Week 24, Lecture 15 – Guest Lecture June, 15, 2021, 17:00 CEST (UTC+2)

Prof. Dr. Przemyslaw BIECEK, Warsaw University of Technology, PL

Title: Interactive Explanatory Model Analysis for Covid mortality prediction

Abstract: During the talk I will introduce the set of XAI techniques that constitute Explanatory Model Analysis (http://ema.drwhy.ai/). I will show how they can be applied to better understand how predictive models work. I will then show an example of a predictive model for covid related mortality, and based on this model I will show how XAI combined with machine learning can bring us closer to personalised medicine.
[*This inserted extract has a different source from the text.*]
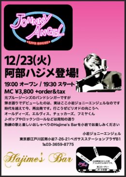 Johnny Angel > LIVE SCHEDULE > 阿部ハジメ 阿部ハジメ 開催日:2025年12月23日 19:30 - 2025年12月23日 22:00 阿部ハジメ Solo Live 19:00 OPEN 19:30 START ♪3800+tax~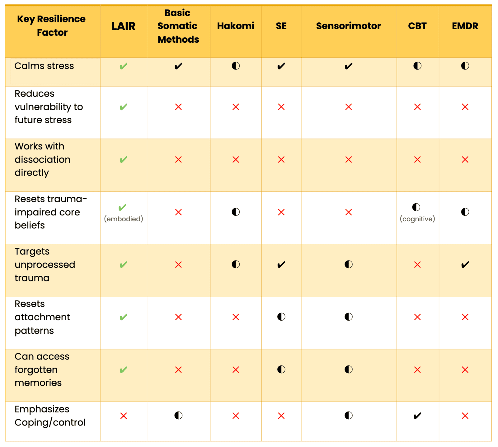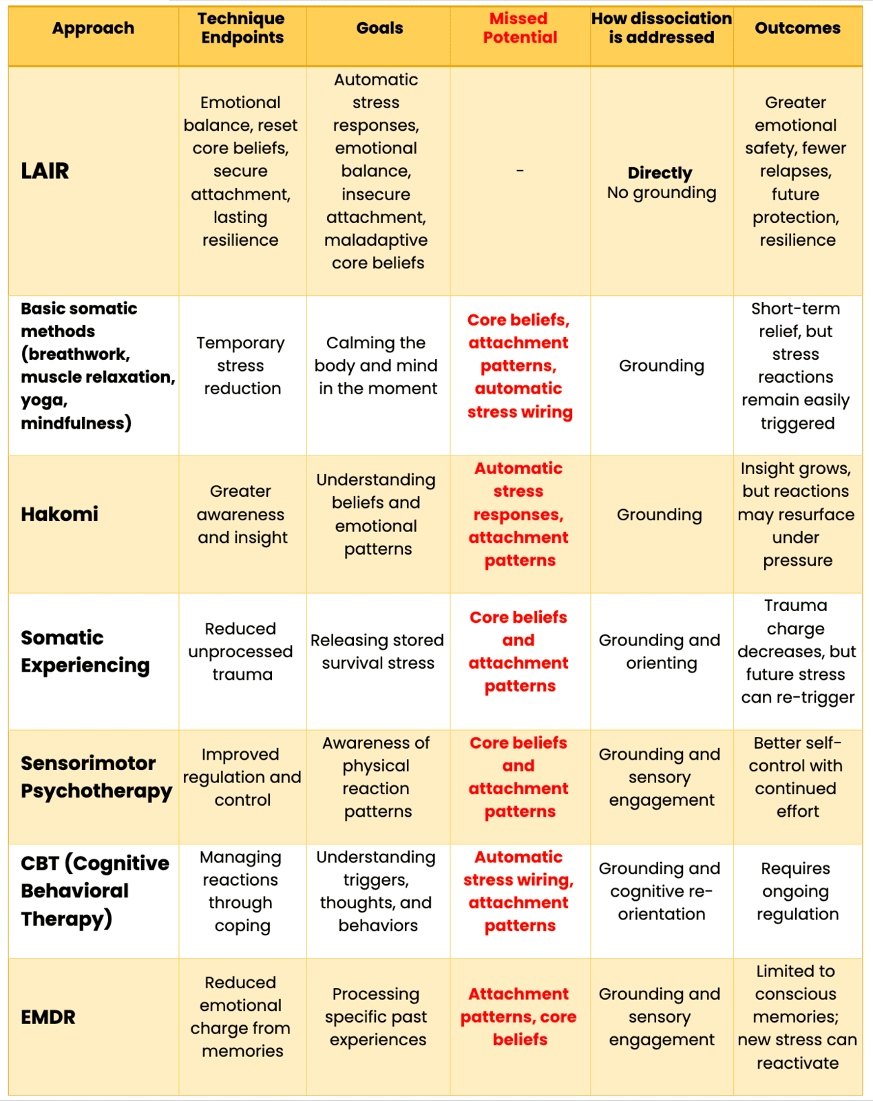 LAIR shares the bottom‑up, sensory‑based spirit of approaches like Hakomi, Sensorimotor Psychotherapy, and Somatic Experiencing, but it goes further by being a systematic, brain‑first recalibration rather than a moment‑to‑moment body‑awareness tool.

Bio: What have I learned from building predictive models in business and academia over the last 18 years? A simple truth – there is no free lunch. Machine learning and artificial intelligence are atomic energy. They can support radiologists, improve credit risk models or streamline business operations. But if not implemented responsibly then discrimination, model drift hidden artefacts can kill any initiative. In 2016 I joined the Warsaw University of Technology as an associate professor in machine learning. In 2017 I set up MI2-DataLab a group that works on new methods, tools and initiatives to deliver AI/ML solutions responsibly. Since then we develop methods and tools for ResponsibleAI.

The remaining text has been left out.